July 02, 2006
Buffett's words, and his actions, on the estate tax
BOB RAYNER
TIMES-DISPATCH
Warren Buffett sure bought some fine headlines when he decided to donate two-thirds of his estate to a foundation run by fellow mega-billionaire Bill Gates and his wife.
There's little doubt that much good will be accomplished with the $30 billion Buffett intends to gradually funnel to the Gates Foundation, doubling its endowment.
Buffett clearly believes he's the best judge of how to dispose of the $44 billion or so he's earned during a career as one of history's great investors. He's surely right about that.
So it's a little odd -- a bit ironic, even -- when we recall that Buffett has been a vocal opponent of efforts to repeal the estate tax, also known as the death tax.
. . .
The federal estate tax applies if you die and leave more than $2 million to your heirs, except your spouse, who can inherit without paying taxes. Basically, the government takes a 46 percent cut of everything above $2 million.
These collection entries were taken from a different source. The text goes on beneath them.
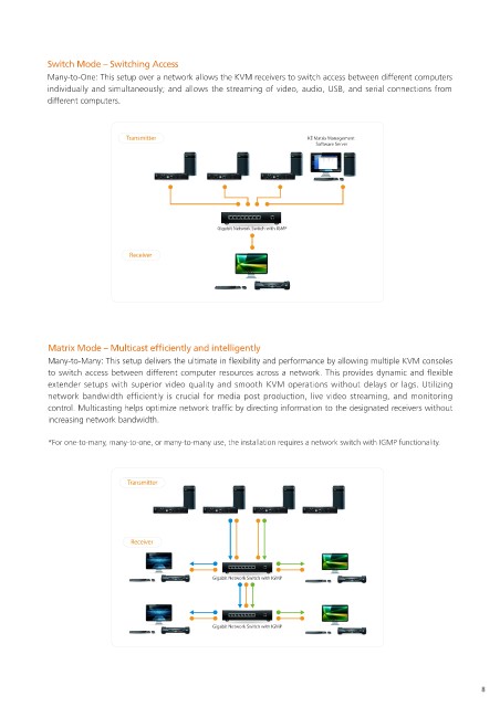 Many-to-One: This setup over a network allows the KVM receivers to switch access between different computers
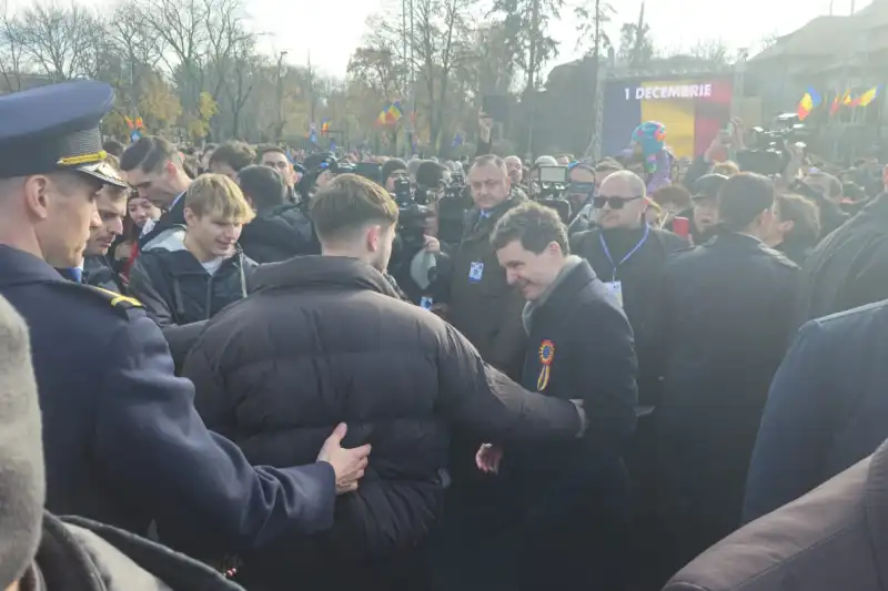 Preşedintele AUR George Simion s-a întâlnit luni cu cu simpatizanţi, alături de care a plecat în marş spre cetatea Alba Iulia. ”Acolo ne vom întâni toţi patriţii”, a spus el întrebat dacă se va întâlni cu Călin Georgescu. El a spus că nu va participa la ceremoniile oficiale. Simion s-a fotografiat cu unii dintre cei prezenţi şi a dat mâna cu simpatizanţii, al căror număr l-a estimat la 10 – 11.000.
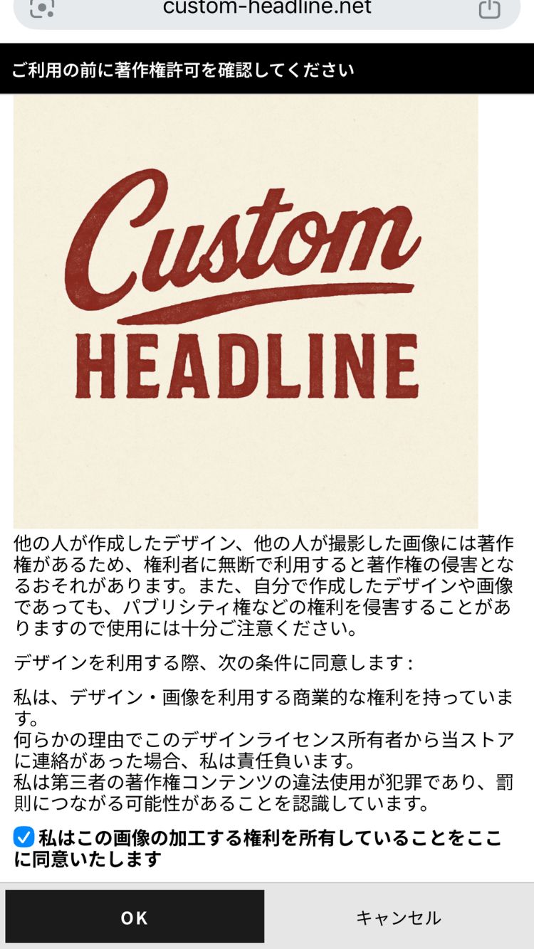 「私はこの画像の加工する権利を所有していることをここに同意いたします」

For example, a $4 million estate left to someone's children would pay $920,000 to the federal government.
In reality, though, entire industries have thrived by creating plans to avoid or minimize estate tax liability
It seems a safe bet that Buffett's lawyers and tax accountants have devised ways to legally avoid the federal estate tax.
Assume, for the sake of simplicity, that the billionaire decided to allow his estate to be taxed at the current 46 percent rate. The federal government would grab about $20 billion off the top. That leaves a hefty $24 billion.
But Buffett plans to give $30 billion to the Gates Foundation, and smaller but significant sums to other foundations, including three run by his children.
Guess the feds are getting stiffed.
Which is fine. Better to have Bill and Melinda Gates spend that money on fighting Third World diseases than see it turned over to the earmark crowd in Congress.
Still, one has to wonder why Buffett believes his judgment should prevail when it comes to his own wealth, but the federal tax code should decide the fate of estates created by folks who don't game the system as skillfully as The Oracle of Omaha.
. . .
In a CNN interview last year with Lou Dobbs, Buffett bemoaned the effect an estate-tax repeal would have on the federal budget:
"We raise, what, $30 billion from the estate tax," he told Dobbs.
"And, you know, I would like to hear the congressmen say where they are going to get the $30 billion from if they don't get it from the estate tax. It's nice to say, you know, wipe out this tax, but we're running a huge deficit, so who does the $30 billion come from?"
Well, $20 billion could come from Buffett's estate one of these days. But apparently it won't.
Buffett's numbers were a little off the mark, by the way.
The estate tax raised about $25 billion last year, according to the Congressional Budget Office. Fun fact: That's how much the federal government spends in 82 hours.
Buffet should be congratulated for putting his enormous wealth to work helping the far-less fortunate.
But it's a bit unseemly to watch him avoid the full force of a tax he insists others must keep paying.
Most Americans never have to worry about paying the estate tax. Clearly, some billionaires don't, either.